2. Control method according to claim 1, characterized in

• a) that a current difference signal Δ i of a predetermined current reference signal i _w and a detected, to the load current (i 6) proportional current feedback signal _x i in accordance with: Δ i = i _w - is formed i _x,
• b) this current difference signal is compared with predeterminable different 1st and 2nd current difference limit values (H 1 , H 2 ),
• c) that a 1st limit value violation signal (K 1 ) is generated or assumes the logical value 1 if the current difference signal ( Δ i ) exceeds the predefinable 1st current difference limit value (H 1 ),
• d) that a second limit value exceeding signal (K 2 ) is generated or assumes the logical value 1 if the current difference signal ( Δ i ) exceeds the predefinable second current difference limit value (H 2 ),
• e) that a 1st coding signal (S 1 ' ) for selecting a load voltage ( 6 ) to be applied to the 1st voltage value (+ U _d ) is generated if neither the 1st nor the 2nd limit value violation signal (K 1 , K 2 ) have the logical value 1,
• f) that an inverse to the 1st coding signal (S 1 ' ) 2nd coding signal (S 2' ) for selecting one to be applied to the load ( 6 ) the 2nd voltage value (- U _d ) is generated and
• g) that a freewheel switch-on signal (S 17 ) is generated or assumes the logical value 1 if only the 1st limit value exceeding signal (K 1 ) or only the 2nd limit value exceeding signal (K 2 ) has the logical value 1.

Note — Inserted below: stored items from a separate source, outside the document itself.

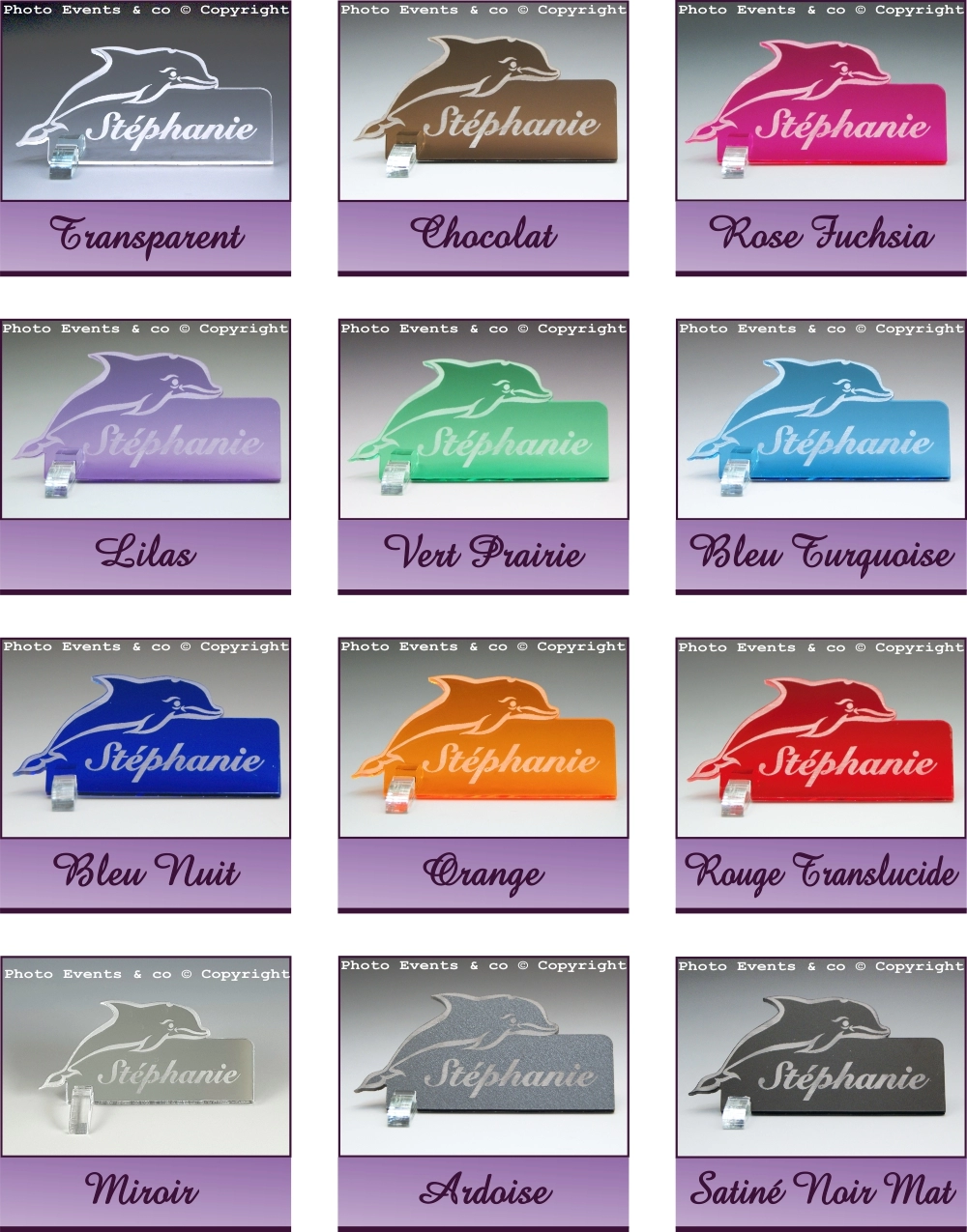 J'ai choisi le dauphin transparent : super résultat : on dirait du verre, mais en moins fragile. Produit reçu à la date prévue, je pense que mes invité seront contents : il savent que j'adore les dauphins et cela leur fera un souvenir de cette journée. Merci à l'équipe.
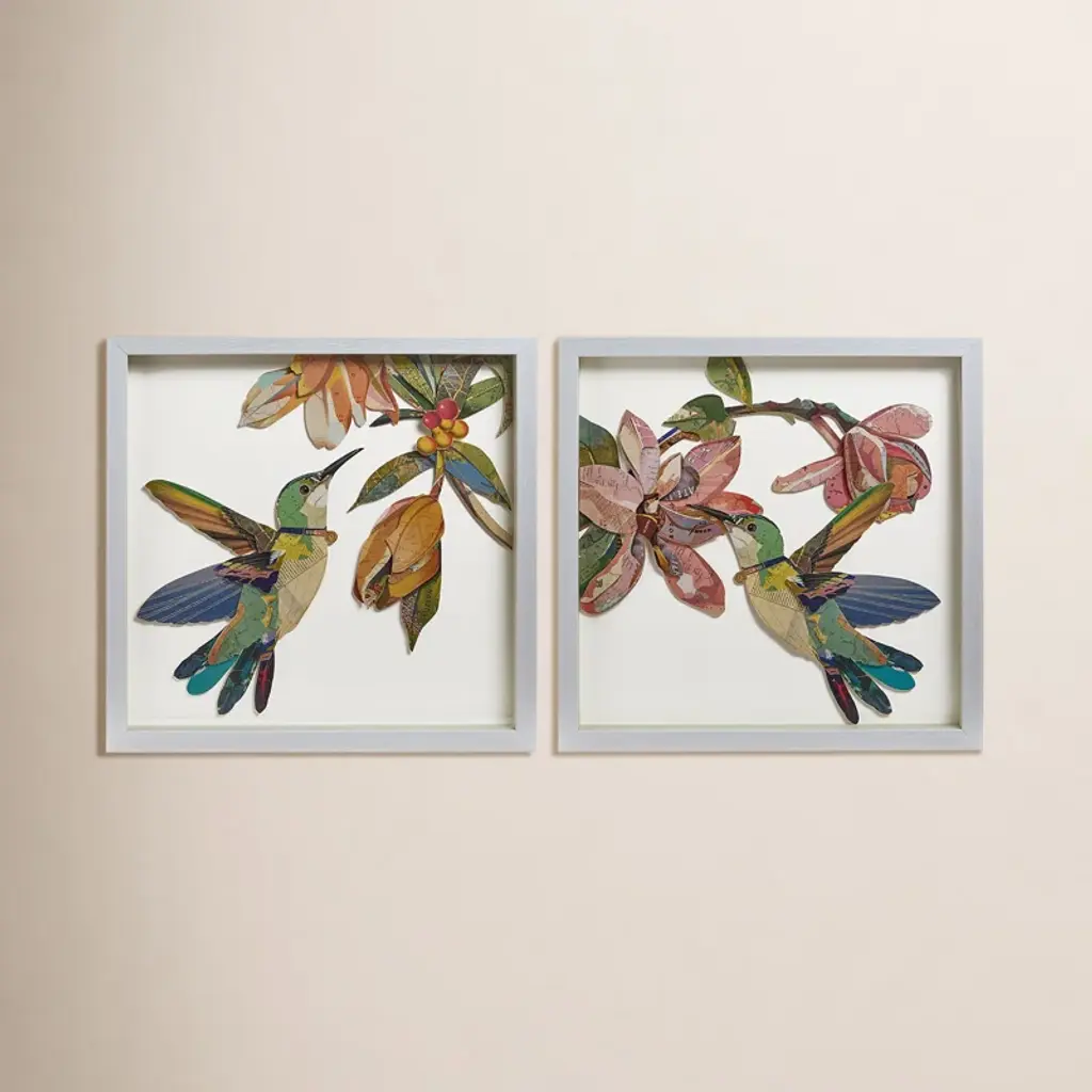 Bring eclectic style to your walls with this set of natural feather art wall decor, featuring brown, white, and black bird feathers with dark gold and chartreuse green striped spirals. Each feather sculpture is secured to a solid white paper backing to really make them pop, along with a natural organic touch from the golden brown, textural wood frame. Side by side or separated, these eclectic wall décor pieces bring natural 3D style to your space.
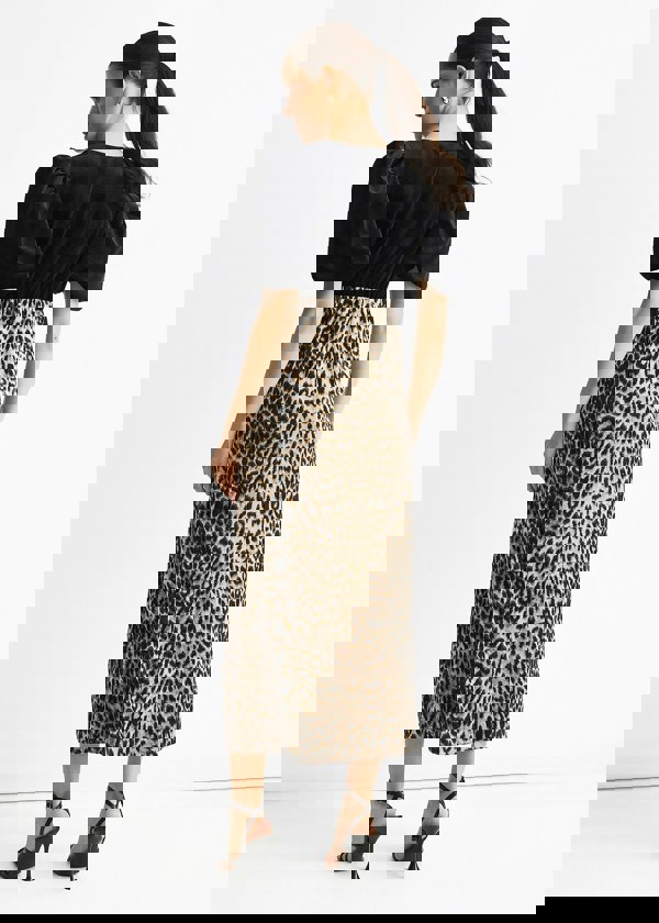 This Black Animal Velvet Contrast Top Occasion Midi Dress combines bold style with comfortable wearability. Featuring a striking velvet contrast top with an animal print detail, it offers a unique look perfect for casual outings or special occasions.
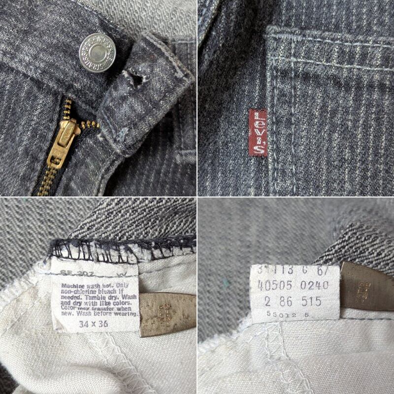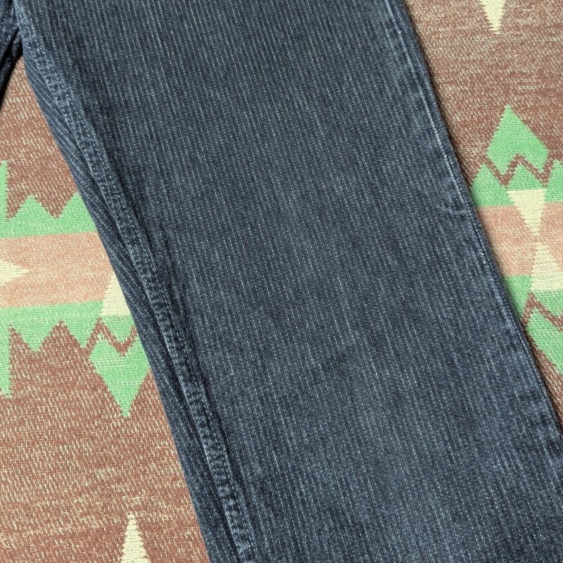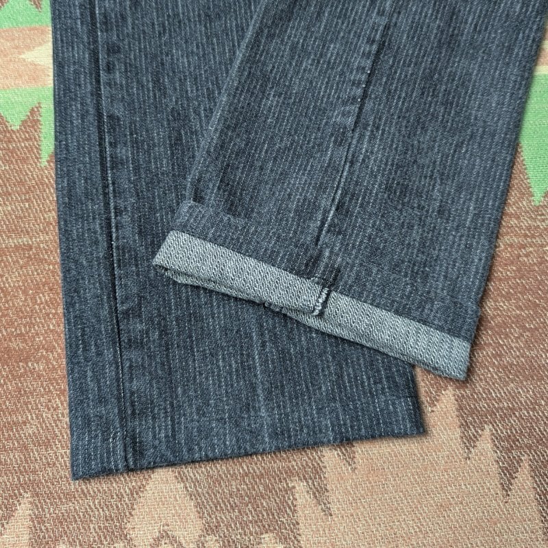 ザクザクとした織りのストライプ、いわゆる先染めのブラックデニム生地を使用した、505(40505)です。
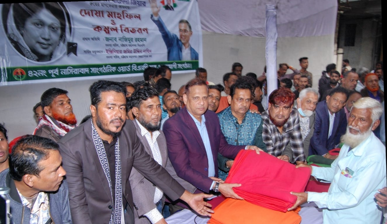 ১২ জানুয়ারি (সোমবার) বিকালে খুলশী কলোনি এলাকায় চট্টগ্রাম মহানগর স্বেচ্ছাসেবক দলের সদস্য সচিব ইন্জিনিয়ার জমির উদ্দিন নাহিদ এর উদ্যোগে ৮নং শুলকবহর ওয়ার্ডের ৪২নং সাংগঠনিক ওয়ার্ড বিএনপি ও অঙ্গ সংগঠনের সমন্বয়ে সাবেক সফল প্রধানমন্ত্রী, বিএনপির চেয়ারপারসন দেশনেত্রী বেগম খালেদা জিয়ার আত্মার মাগফেরাত কামনা করে দোয়া মাহফিল ও শীতার্ত অসহায় মানুষের মাঝে কম্বল বিতরণ করা হয়। চট্টগ্রাম মহানগর যুবদলের সাবেক সহ-সভাপতি এসএম রবের সভাপতিত্বে সাবেক ছাত্রনেতা জাকির হোসেন সরলের সঞ্চালনায় এতে প্রধান অতিথি হিসেবে বক্তব্য রাখেন চট্টগ্রাম মহানগর বিএনপির সদস্য সচিব নাজিমুর রহমান।
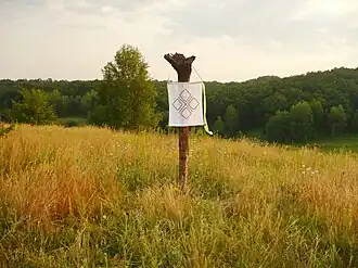 The desired place for living is chosen individually in nature, and a "love space" is established on it as the kinship homestead, opening "Heaven on Earth".[59] Many kinship homesteads of one hectare of land may constitute larger kinship settlements (родовое поселение, rodovoye poseleniye), or ecovillages,[99] such as Inberen in Sargatsky District, Omsk Oblast, the oldest and largest Anastasian settlement in Russia which was founded in 2002 and as of 2018 comprised 130 hectares of land distributed as many kinship homesteads.[100]

3. Control method according to claim 2, characterized in

• a) that the 1st and 2nd current difference limit values (H 1 , H 2 ) are chosen symmetrically with respect to the zero value of the current difference signal ( Δ i) ,
• b) that the 1st and 2nd limit value exceeding signal on (K 1 , K 2 ) each assume the logical value 0 if the current difference signal ( Δ i) raises the respective current difference limit value (H 1/2 , H 2/2 ) exceeds, and
• c) that the 1st and 2nd limit value exceeding signal (K 1 , K 2 ) each assume the logical value 1 if the current difference signal ( Δ i) drops the respective current difference limit value (- H 1/2 , - H 2/2 ) exceeds.